Rated "T" for "trippy"

Canvas Feedback is an application of an analogue-video-like feedback effect to an HTML5 canvas element.

You can see and play with online here: Canvas Feedback installation at Cat's Eye Technologies.

A stripped-down version, 949 bytes long, was submitted to JS1K 2015, which you can see and play with here: Canvas Feedback 1K Entry Page.

Background

The idea came about while discussing Nam June Paik, and video art in general, with Gareth Jackson.

It was noted by one of us that, before digital video technology, there were a number of analogue effects that were employed in video art that aren't seen as frequently these days. A notable one was the use of feedback, simplest version being training a camera on a monitor that is displaying the feed from that same camera.
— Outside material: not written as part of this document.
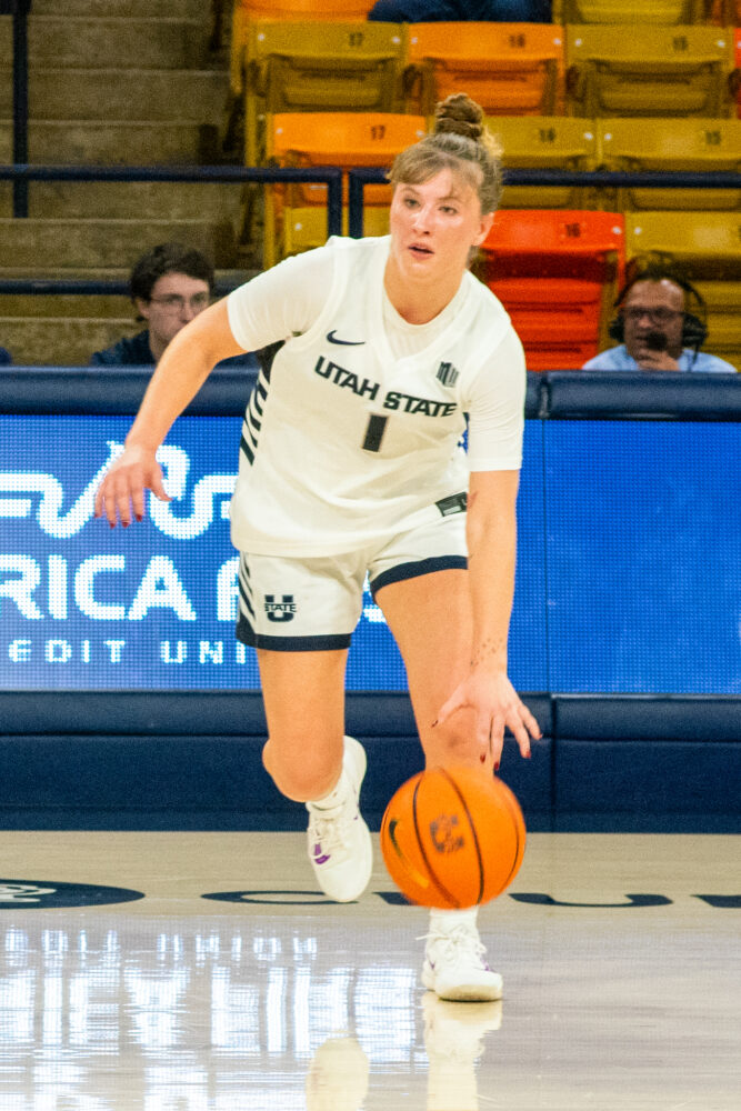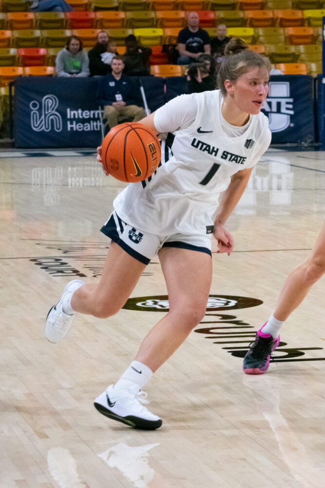 USU guard Marina Asensio is dribbles during the USU vs Idaho women’s basketball game in the Dee Glen Smith Spectrum on Dec. 13, 2025. (Dane Johnson/The Utah Statesman)

More sophisticated applications are of course possible; a relatively famous example is the 1970's version of the Doctor Who title sequence.

The question arose: could something analogous could be done with digital video, and if so, how?

And I came up with this as a simple technique which is similar to video feedback and which can be implemented straightforwardly in an HTML5 canvas element.

The default image used when Canvas Feedback starts up was designed by Gareth Jackson specifically to be a pleasing subject for this feedback process.

Theory of Operation

  • Load an initial image into the canvas.
  • Copy the image on the canvas into a buffer, rotate it around its centre r degrees, scale it in the X and/or Y dimension, then paste that result back onto the canvas.
  • Increase r by a small amount and repeat the process from the second step.

Rotation and scaling are both optional. It works best if the amount of rotation and scaling at each step is kept small, as it will be amplified greatly by the feedback.

Notes

It should be noted that this is only a convenient approximation of how analogue video feedback methods tend to work.

Most rely on there being continuous input to the feedback process; for example, a running camera that is introducing ever more frames. The Doctor Who title sequence, for example, seems to be "loaded" with video information from the edges of the screen (although I admit I don't know the details of how it works.)

This mechanism does not do that; the video information in each successive step comes only from the previous step. One result of this is that it will eventually "run out" of information and come to a fixed point (usually with the entire canvas being a single colour, or an unmoving series of concentric rings or discs of colour.)

License

Distributed under an MIT license. See LICENSE for full information.